Could anyone please give me some hint on proving or disproving the following:
If $a_n\to\infty$, then $\lim_{n\to\infty}\frac1{na_n}\sum_{k=1}^{n} a_k$ converges.
The examples I can think of all say that this sum in convergent. Is this statement then "really" always true?
Without any further hypothesis, the statement is wrong: some values of $a_n$ can be way very small compared to the others.
Define $a_n = \begin{cases} k & \mbox{ if $n = 2k$ is even,} \\ 2^k & \mbox{if $n = 2k+1$ is odd.} \end{cases}$.

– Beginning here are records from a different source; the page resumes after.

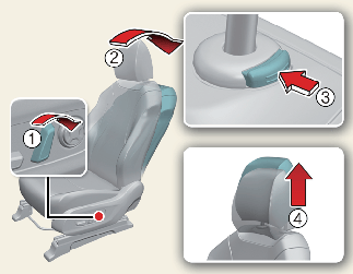 헤드레스트를 앞 방향으로 최대한 이동하면 자동으로 헤드레스트가 뒤 방향으로 이동합니다.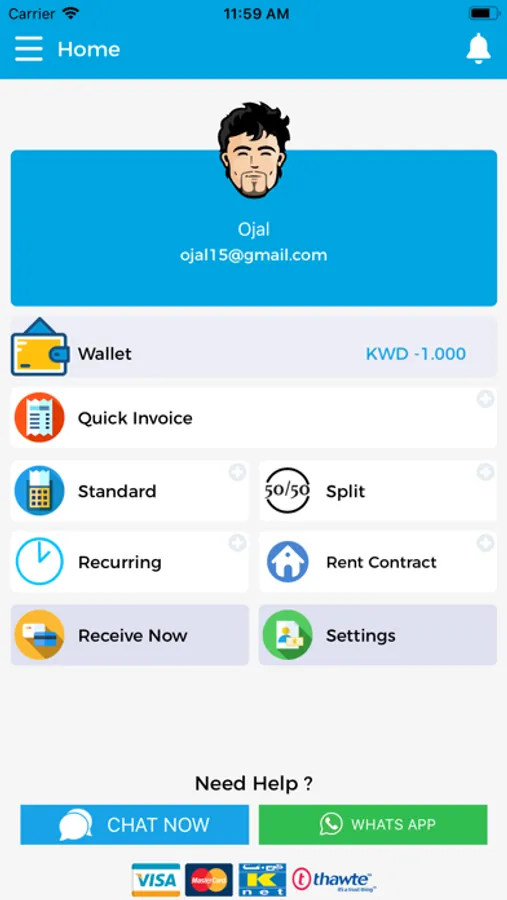 Tahseeel.com is a platform specially built to reduce the stress of invoicing and receiving money through online. You just have to register. You are ready to send invoices to your customers via SMS, Email and Whatsapp, the customer can pay via KNET or International credit cards.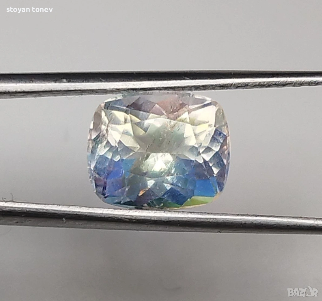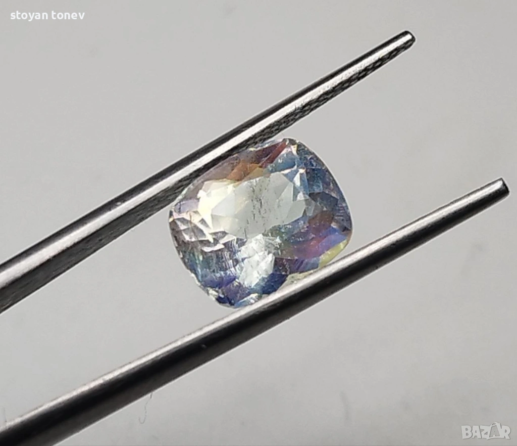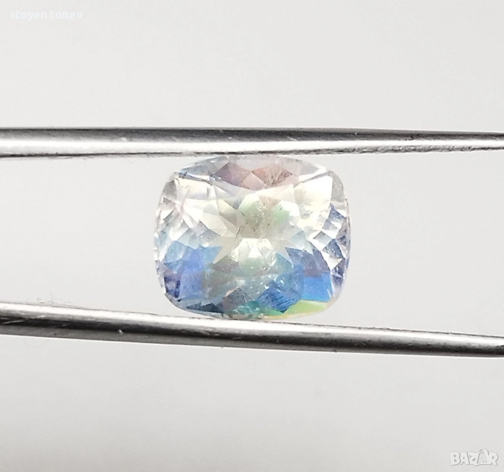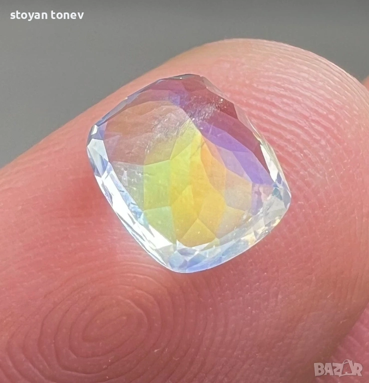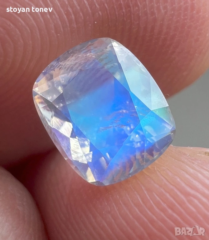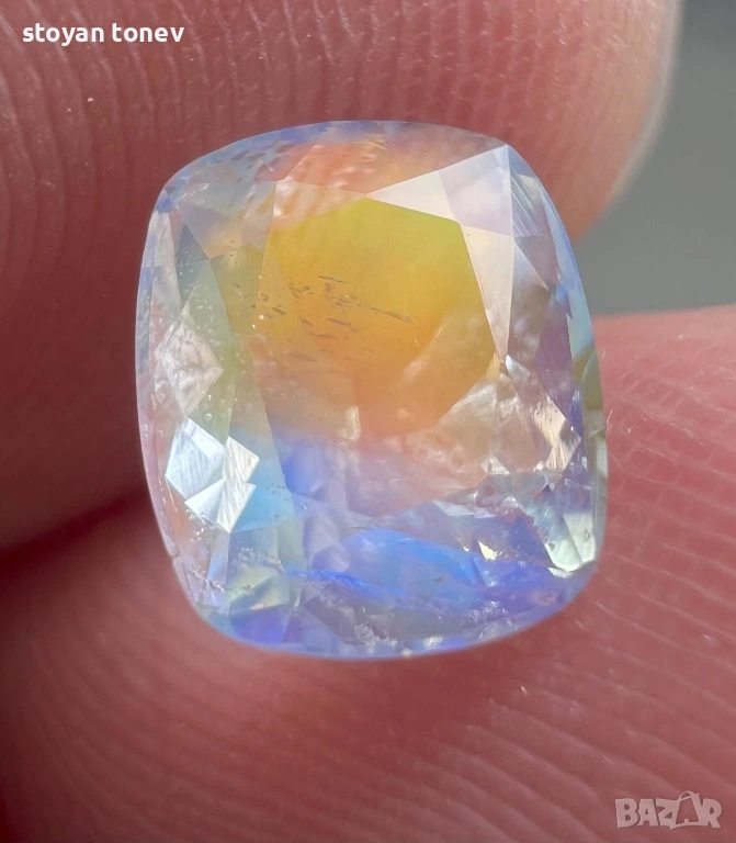 Това е top quality екземпляр – чист, с интензивен multi-fire (не само синьо, а пълна дъга), което е рядко за rainbow moonstone.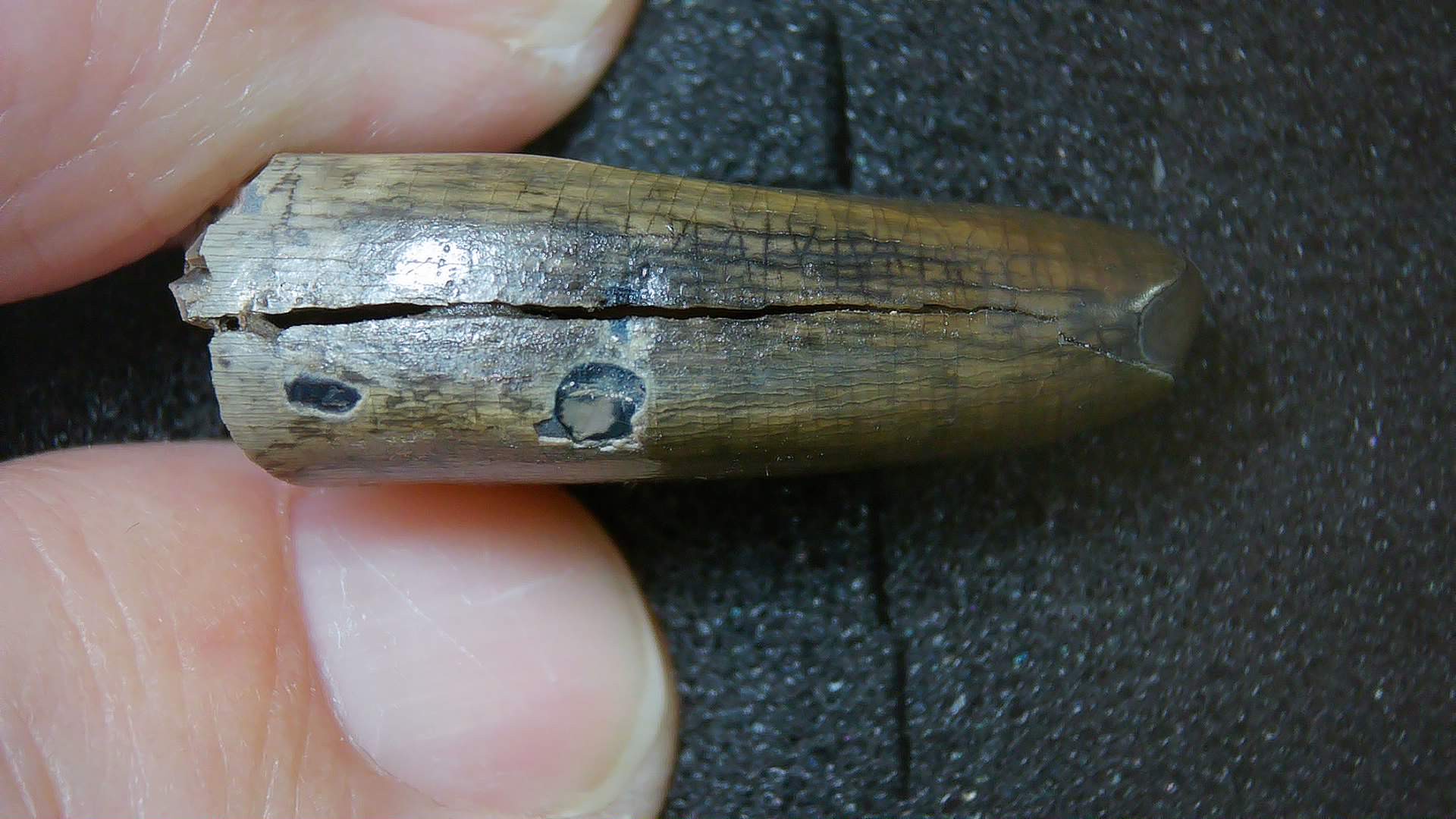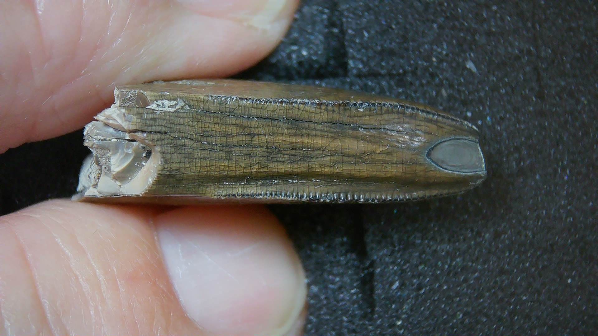 - This tooth measures 1.08″ long as well as .61″ wide. In addition, it has nice serrations, enamel and tip as well. Hydration Cracks Present, it will come with an ID Label as well. Finally, 100% Guaranteed Genuine

For $n = 2k$, splitting the sum between odd and even indices yields : $$\frac{1}{na_n}\sum \limits_{i=1}^n a_i = \frac{1}{2k^2} \Big(\sum \limits_{i=1}^k i + \sum \limits_{i=1}^{k-1} 2^i \Big) = \frac{1}{2k^2} \Big(\frac{k(k+1)}{2} + 2^k - 1\Big) \ge \frac{2^k}{2k^2}.$$
Similarly, for $n=2k+1$, we get $$\frac{1}{na_n}\sum \limits_{i=1}^n a_i = \frac{1}{(2k+1)2^k} \Big( \frac{k(k+1)}{2} + 2^{k+1}-1 \Big) = \frac{k(k+1)}{(4k+2) \cdot 2^k} + \frac{1}{2k+1} \cdot \frac{2^{k+1}-1}{2^k}.$$
Hence $\frac{1}{2ka_{2k}}\sum\limits_{i=1}^{2k}a_i \underset{k \to \infty}{\longrightarrow} +\infty$, while $\frac{1}{(2k+1)a_{2k+1}}\sum\limits_{i=1}^{2k+1}a_i \underset{k\to\infty}{\longrightarrow}0$. Thus $\big(\frac{1}{na_n}\sum\limits_{i=1}^na_i\big)_n$ does not converge.